* [Recorded data]
****************

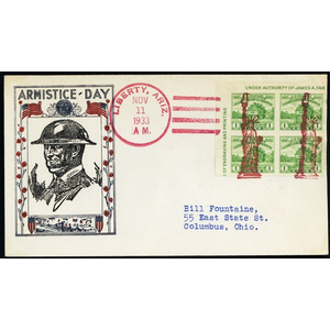 Statue of Liberty in Red Fancy Cancel Cover Liberty, Ariz 1933 - Stuart Katz
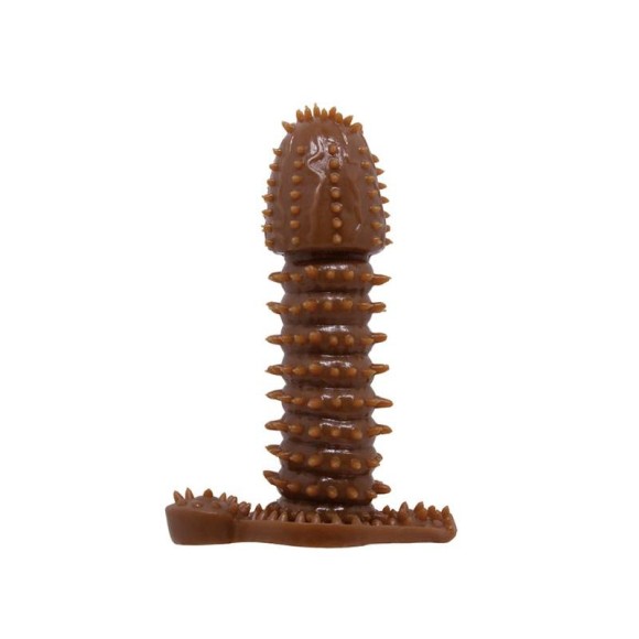 Capa peniana extensora com textura anelada e nódulos massageadores.
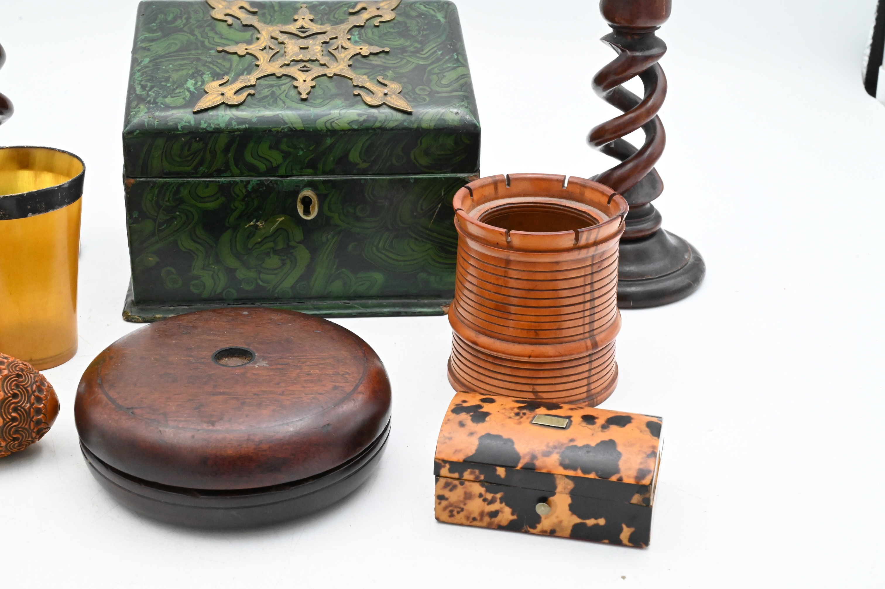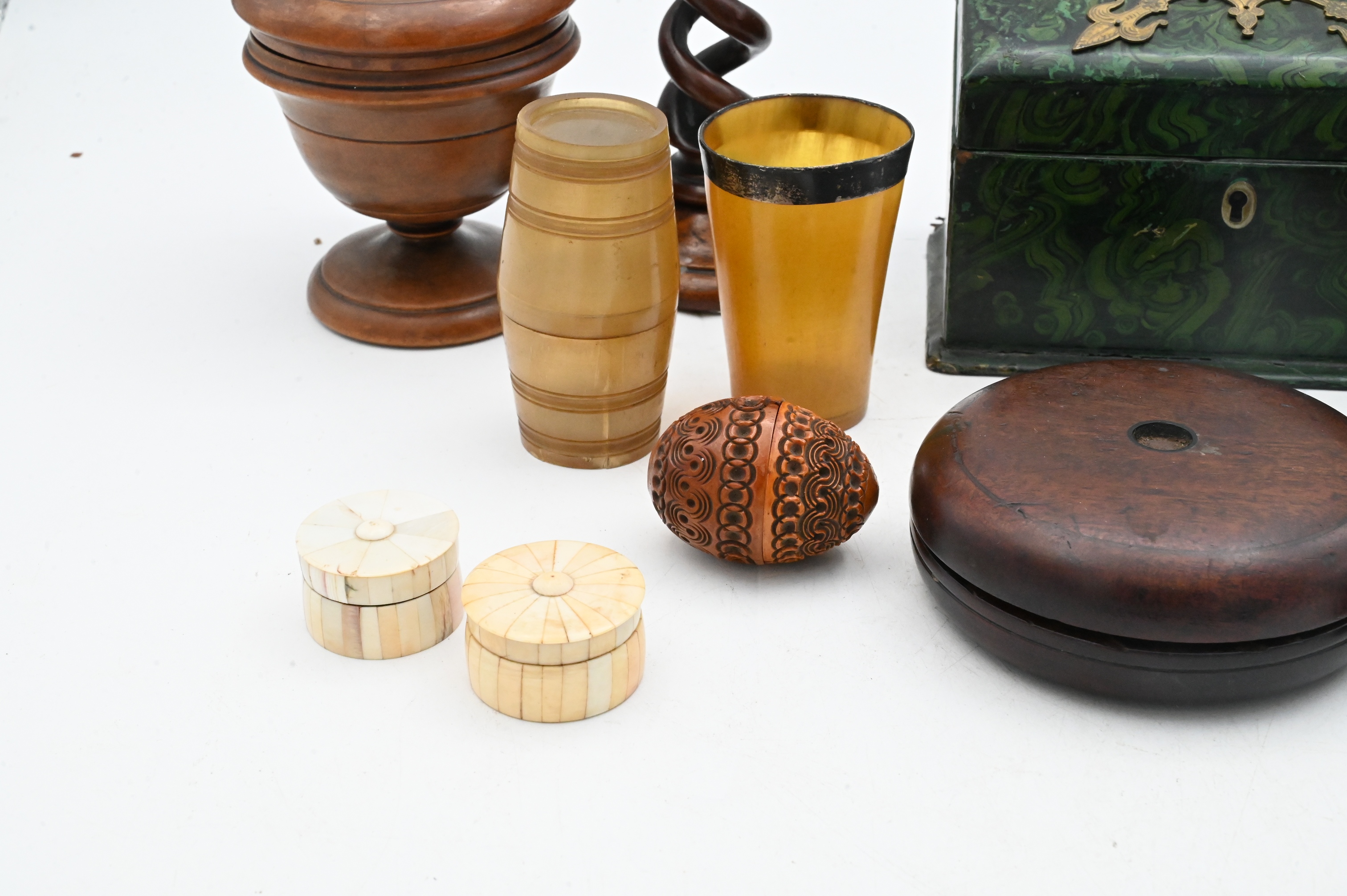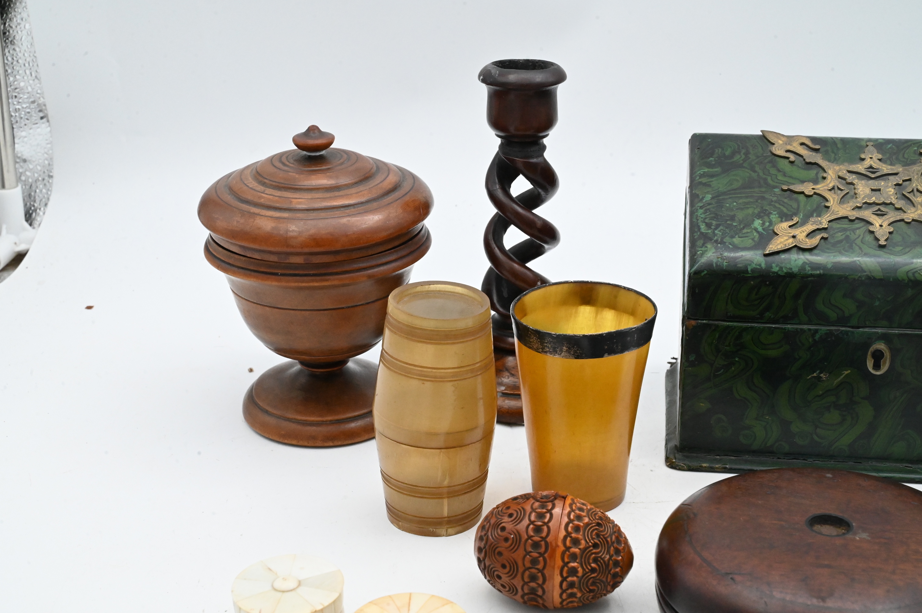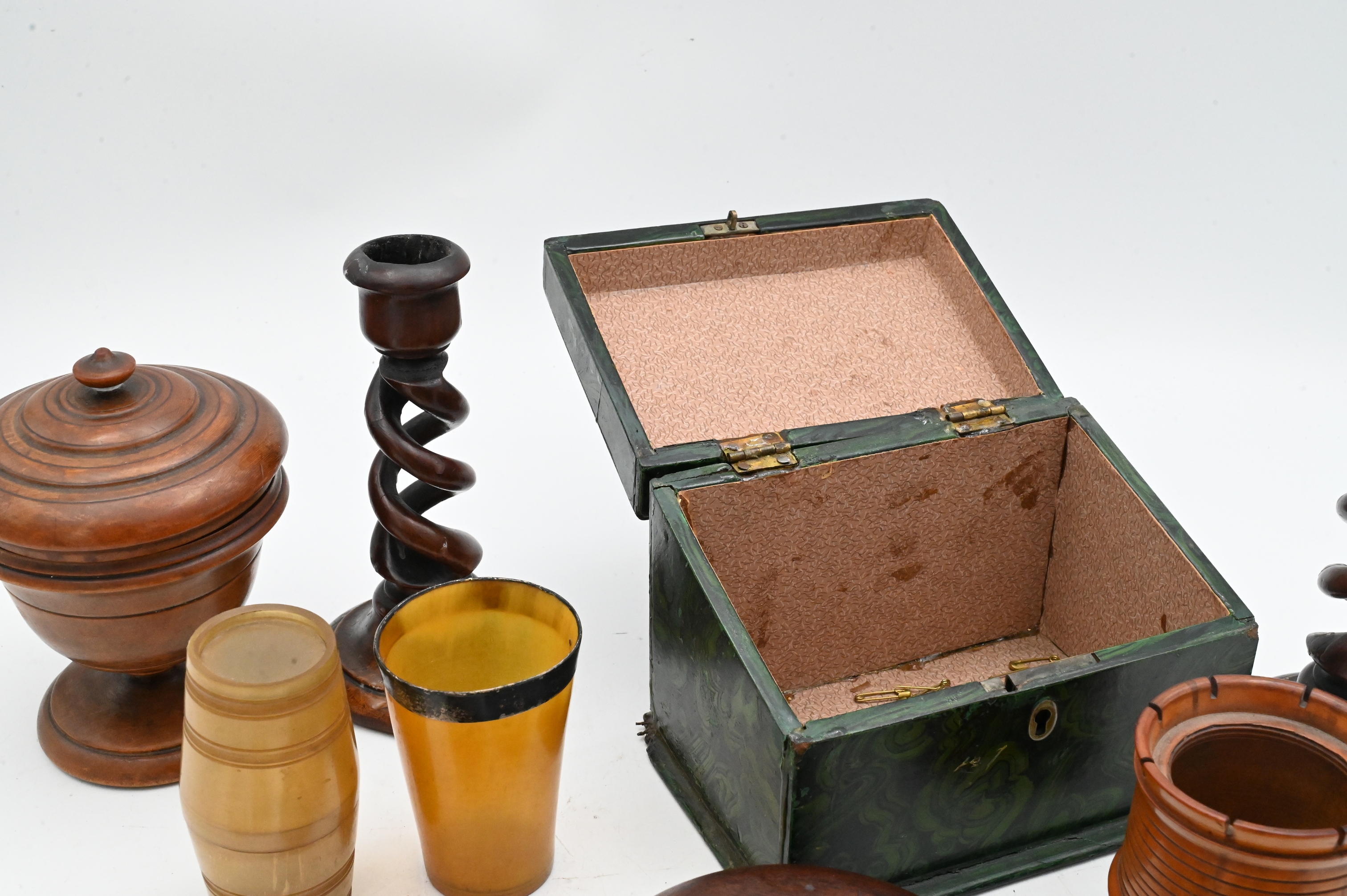 An assorted grouping comprising a pair of spiral-twist candlesticks; a turned covered urn-form box with knob finial; a small barrel-form horn box with fitted lid; a horn cup with silver rim; boxwood dice shaker without lid; and two circular veneered snuff boxes with radiating segmented lids and button finials, 18th/19th Century

****************

* [Exercise brief] Print every line of the data exactly. Pictures do not belong in the copy.

* [Solution for this problem]
 Statue of Liberty in Red Fancy Cancel Cover Liberty, Ariz 1933 - Stuart Katz
 Capa peniana extensora com textura anelada e nódulos massageadores.
 An assorted grouping comprising a pair of spiral-twist candlesticks; a turned covered urn-form box with knob finial; a small barrel-form horn box with fitted lid; a horn cup with silver rim; boxwood dice shaker without lid; and two circular veneered snuff boxes with radiating segmented lids and button finials, 18th/19th Century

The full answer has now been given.